I made a minor modification inline and it works as expected.
With that change
Reviewed-by: Jonathan Cameron <Jonathan.Cameron@...wei.com>
Jonathan
> ---
> drivers/acpi/hmat/Kconfig | 3 +-
> drivers/acpi/hmat/hmat.c | 395 +++++++++++++++++++++++++++++++++++++++++++++-
> 2 files changed, 396 insertions(+), 2 deletions(-)
>
> diff --git a/drivers/acpi/hmat/Kconfig b/drivers/acpi/hmat/Kconfig
> index 2f7111b7af62..13cddd612a52 100644
> --- a/drivers/acpi/hmat/Kconfig
> +++ b/drivers/acpi/hmat/Kconfig
> @@ -4,4 +4,5 @@ config ACPI_HMAT
> depends on ACPI_NUMA
> help
> If set, this option has the kernel parse and report the
> - platform's ACPI HMAT (Heterogeneous Memory Attributes Table).

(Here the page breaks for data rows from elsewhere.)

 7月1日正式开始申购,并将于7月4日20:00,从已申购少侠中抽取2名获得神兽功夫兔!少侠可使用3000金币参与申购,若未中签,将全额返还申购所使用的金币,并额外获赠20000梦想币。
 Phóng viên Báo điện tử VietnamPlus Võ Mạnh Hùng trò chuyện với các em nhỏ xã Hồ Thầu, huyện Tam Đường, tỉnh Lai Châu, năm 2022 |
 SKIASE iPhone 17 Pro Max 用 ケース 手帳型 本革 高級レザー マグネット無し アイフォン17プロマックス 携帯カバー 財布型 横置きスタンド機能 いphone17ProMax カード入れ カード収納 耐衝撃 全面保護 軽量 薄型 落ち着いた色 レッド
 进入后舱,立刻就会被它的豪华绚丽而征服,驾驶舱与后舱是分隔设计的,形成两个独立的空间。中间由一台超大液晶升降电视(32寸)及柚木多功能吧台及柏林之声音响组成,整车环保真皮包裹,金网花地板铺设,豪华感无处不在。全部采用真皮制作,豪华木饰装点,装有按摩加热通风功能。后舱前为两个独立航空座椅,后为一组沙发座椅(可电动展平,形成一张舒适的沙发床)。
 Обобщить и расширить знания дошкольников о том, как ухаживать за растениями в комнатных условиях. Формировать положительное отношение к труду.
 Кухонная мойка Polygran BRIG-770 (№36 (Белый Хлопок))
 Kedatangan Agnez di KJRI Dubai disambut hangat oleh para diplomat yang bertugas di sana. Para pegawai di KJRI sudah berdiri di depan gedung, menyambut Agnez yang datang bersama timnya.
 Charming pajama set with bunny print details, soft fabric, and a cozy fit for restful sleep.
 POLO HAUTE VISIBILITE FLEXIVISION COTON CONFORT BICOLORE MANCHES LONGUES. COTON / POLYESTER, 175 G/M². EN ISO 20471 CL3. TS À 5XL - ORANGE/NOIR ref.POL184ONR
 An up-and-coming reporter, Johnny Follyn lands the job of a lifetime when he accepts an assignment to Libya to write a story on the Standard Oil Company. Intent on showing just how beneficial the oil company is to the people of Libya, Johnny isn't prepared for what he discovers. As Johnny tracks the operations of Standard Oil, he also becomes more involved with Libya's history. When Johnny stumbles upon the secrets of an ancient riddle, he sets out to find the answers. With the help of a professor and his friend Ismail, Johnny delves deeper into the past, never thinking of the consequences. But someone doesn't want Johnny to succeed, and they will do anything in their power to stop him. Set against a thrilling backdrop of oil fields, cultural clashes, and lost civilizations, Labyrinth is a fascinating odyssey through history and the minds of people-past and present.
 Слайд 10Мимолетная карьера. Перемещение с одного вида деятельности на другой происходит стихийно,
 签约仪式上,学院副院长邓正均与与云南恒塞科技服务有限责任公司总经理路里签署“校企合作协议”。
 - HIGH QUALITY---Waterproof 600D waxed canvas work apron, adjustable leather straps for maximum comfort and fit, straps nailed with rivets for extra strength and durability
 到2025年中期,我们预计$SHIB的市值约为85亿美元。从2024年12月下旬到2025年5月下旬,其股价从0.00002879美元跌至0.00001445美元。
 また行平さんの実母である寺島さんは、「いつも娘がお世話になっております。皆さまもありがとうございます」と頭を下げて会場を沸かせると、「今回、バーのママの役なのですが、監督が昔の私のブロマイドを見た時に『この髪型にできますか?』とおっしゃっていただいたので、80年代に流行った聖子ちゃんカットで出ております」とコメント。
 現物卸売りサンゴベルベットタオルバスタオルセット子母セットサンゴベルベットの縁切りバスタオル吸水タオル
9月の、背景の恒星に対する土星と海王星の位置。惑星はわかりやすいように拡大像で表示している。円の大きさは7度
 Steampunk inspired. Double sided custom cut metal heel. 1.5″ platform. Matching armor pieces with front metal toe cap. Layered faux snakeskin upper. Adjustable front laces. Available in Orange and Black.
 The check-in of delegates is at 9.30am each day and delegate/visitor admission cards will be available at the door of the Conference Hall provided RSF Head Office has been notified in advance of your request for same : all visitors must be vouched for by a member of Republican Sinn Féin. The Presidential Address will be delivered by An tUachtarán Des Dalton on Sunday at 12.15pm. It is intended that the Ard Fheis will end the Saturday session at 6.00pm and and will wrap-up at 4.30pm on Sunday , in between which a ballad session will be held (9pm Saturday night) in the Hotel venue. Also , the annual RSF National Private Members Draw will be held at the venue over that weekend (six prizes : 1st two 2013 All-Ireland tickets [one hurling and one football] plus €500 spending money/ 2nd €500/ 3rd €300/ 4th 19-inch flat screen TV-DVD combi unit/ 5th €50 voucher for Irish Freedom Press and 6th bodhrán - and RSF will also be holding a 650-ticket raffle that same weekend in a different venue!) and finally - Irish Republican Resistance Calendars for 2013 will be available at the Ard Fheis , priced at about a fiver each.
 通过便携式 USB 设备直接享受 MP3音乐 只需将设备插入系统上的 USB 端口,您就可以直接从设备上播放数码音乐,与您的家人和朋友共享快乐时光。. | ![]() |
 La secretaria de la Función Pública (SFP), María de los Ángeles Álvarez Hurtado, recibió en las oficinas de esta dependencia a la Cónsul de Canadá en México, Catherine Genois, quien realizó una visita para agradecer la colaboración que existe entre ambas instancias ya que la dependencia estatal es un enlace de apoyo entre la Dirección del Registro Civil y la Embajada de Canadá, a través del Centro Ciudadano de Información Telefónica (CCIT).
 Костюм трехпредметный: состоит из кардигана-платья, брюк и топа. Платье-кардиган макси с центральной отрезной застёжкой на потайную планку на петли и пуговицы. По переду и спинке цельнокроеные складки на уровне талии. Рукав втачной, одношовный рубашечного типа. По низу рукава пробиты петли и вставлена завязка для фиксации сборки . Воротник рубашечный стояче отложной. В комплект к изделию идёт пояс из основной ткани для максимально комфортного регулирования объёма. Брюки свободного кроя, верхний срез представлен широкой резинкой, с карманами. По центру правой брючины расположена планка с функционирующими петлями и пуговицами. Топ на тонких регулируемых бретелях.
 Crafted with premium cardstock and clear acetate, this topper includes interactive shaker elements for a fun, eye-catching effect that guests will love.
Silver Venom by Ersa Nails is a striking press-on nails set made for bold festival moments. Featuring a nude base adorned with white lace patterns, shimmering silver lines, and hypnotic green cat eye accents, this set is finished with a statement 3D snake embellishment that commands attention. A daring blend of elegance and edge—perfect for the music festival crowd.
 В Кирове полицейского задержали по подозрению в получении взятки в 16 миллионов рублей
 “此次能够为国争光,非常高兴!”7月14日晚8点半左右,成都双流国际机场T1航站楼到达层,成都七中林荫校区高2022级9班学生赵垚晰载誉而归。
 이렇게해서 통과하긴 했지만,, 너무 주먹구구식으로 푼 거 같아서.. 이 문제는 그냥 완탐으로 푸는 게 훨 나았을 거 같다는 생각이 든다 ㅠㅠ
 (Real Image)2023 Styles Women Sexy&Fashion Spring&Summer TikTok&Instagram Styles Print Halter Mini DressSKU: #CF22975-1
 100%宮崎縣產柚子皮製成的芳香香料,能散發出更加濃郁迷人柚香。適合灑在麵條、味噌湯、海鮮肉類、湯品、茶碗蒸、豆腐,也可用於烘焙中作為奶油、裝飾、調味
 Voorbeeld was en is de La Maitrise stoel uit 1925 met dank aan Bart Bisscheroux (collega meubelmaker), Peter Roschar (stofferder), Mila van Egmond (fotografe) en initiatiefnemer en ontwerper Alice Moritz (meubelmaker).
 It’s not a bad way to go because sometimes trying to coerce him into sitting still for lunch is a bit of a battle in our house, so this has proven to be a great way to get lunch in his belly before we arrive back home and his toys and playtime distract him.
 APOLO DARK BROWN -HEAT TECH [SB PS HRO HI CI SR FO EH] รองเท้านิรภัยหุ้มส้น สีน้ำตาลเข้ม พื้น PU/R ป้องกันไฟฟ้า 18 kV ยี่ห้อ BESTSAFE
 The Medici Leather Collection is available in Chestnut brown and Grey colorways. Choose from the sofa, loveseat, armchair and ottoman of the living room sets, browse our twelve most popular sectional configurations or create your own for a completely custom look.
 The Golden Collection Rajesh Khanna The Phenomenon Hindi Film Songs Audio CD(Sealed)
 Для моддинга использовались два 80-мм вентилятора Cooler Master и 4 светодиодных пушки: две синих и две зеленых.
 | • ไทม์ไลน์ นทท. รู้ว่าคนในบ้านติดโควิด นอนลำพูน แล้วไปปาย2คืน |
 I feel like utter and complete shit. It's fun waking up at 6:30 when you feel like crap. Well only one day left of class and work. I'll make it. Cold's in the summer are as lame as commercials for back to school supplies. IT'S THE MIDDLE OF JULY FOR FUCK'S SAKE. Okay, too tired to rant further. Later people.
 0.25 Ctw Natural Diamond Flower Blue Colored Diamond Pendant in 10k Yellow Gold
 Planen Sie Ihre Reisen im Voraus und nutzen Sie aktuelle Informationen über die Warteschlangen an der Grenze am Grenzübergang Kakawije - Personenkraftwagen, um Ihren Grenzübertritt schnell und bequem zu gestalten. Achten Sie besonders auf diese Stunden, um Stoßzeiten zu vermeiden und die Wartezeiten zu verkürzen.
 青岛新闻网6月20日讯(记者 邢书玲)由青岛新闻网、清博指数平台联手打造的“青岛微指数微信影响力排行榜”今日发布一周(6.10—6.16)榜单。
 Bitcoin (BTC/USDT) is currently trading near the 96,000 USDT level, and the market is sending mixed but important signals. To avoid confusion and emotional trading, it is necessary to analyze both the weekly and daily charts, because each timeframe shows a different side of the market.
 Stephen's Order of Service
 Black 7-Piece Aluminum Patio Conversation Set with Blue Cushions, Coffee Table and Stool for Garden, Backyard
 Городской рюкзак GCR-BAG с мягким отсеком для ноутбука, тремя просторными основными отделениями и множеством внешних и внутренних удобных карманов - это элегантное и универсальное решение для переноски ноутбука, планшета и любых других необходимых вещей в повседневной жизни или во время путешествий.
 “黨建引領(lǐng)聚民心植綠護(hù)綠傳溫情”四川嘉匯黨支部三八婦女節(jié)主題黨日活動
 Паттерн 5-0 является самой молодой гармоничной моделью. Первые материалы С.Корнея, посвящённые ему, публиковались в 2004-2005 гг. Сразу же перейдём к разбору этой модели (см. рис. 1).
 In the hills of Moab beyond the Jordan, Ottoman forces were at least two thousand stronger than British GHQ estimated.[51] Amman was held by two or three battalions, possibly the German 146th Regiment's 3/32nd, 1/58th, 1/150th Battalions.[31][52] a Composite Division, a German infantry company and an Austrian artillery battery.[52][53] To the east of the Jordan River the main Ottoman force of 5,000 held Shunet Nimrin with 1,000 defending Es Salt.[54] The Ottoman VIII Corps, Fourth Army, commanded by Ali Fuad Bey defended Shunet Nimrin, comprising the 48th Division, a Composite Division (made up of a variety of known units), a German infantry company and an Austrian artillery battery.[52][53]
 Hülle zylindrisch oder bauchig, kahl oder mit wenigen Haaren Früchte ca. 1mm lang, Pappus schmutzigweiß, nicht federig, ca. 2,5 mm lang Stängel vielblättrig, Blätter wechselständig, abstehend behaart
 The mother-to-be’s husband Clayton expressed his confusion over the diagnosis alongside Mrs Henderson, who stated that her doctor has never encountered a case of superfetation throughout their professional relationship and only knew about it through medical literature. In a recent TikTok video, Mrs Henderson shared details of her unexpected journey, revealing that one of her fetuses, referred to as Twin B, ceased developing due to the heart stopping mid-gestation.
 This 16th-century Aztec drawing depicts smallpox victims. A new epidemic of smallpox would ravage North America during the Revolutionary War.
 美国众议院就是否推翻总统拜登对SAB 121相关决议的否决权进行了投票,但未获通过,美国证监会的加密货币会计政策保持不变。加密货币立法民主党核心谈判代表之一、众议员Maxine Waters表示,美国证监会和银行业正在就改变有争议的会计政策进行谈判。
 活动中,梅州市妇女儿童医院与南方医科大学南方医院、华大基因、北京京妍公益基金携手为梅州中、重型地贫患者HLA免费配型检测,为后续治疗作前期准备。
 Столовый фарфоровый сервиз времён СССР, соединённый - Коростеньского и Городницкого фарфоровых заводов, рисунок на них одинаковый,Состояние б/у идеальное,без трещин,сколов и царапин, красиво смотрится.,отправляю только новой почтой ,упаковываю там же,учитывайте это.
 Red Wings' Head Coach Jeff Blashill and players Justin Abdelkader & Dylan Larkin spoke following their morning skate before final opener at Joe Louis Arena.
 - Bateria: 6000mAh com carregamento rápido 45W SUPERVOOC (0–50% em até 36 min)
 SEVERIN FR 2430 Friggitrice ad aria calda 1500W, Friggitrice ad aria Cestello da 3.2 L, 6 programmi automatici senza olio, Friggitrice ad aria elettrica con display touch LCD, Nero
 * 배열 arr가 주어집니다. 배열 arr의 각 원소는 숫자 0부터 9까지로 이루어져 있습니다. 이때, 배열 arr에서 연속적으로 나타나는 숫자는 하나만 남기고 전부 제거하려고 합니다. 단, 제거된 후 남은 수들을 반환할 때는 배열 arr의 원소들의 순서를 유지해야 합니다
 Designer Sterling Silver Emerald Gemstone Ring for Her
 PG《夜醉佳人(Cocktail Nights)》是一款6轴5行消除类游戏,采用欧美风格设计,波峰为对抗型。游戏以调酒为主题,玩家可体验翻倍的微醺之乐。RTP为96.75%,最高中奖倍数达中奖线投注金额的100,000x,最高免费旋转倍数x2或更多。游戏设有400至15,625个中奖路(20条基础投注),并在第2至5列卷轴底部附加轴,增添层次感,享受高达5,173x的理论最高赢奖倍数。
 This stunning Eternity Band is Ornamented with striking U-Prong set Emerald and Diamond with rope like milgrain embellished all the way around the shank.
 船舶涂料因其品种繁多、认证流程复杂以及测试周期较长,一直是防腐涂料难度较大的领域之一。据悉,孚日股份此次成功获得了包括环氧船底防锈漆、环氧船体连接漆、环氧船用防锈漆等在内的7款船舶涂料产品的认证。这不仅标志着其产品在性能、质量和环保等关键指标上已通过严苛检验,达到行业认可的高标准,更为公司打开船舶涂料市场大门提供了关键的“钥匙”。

> + platform's ACPI HMAT (Heterogeneous Memory Attributes Table),
> + and register memory initiators with their targets.
> diff --git a/drivers/acpi/hmat/hmat.c b/drivers/acpi/hmat/hmat.c
> index 99f711420f6d..bb6a11653729 100644
> --- a/drivers/acpi/hmat/hmat.c
> +++ b/drivers/acpi/hmat/hmat.c
> @@ -13,11 +13,105 @@
> #include <linux/device.h>
> #include <linux/init.h>
> #include <linux/list.h>
> +#include <linux/list_sort.h>
> #include <linux/node.h>
> #include <linux/sysfs.h>
>
> static __initdata u8 hmat_revision;
>
> +static __initdata LIST_HEAD(targets);
> +static __initdata LIST_HEAD(initiators);
> +static __initdata LIST_HEAD(localities);
> +
> +/*
> + * The defined enum order is used to prioritize attributes to break ties when
> + * selecting the best performing node.
> + */
> +enum locality_types {
> + WRITE_LATENCY,
> + READ_LATENCY,
> + WRITE_BANDWIDTH,
> + READ_BANDWIDTH,
> +};
> +
> +static struct memory_locality *localities_types[4];
> +
> +struct memory_target {
> + struct list_head node;
> + unsigned int memory_pxm;
> + unsigned int processor_pxm;
> + struct node_hmem_attrs hmem_attrs;
> +};
> +
> +struct memory_initiator {
> + struct list_head node;
> + unsigned int processor_pxm;
> +};
> +
> +struct memory_locality {
> + struct list_head node;
> + struct acpi_hmat_locality *hmat_loc;
> +};
> +
> +static __init struct memory_initiator *find_mem_initiator(unsigned int cpu_pxm)
> +{
> + struct memory_initiator *intitator;
> +
> + list_for_each_entry(intitator, &initiators, node)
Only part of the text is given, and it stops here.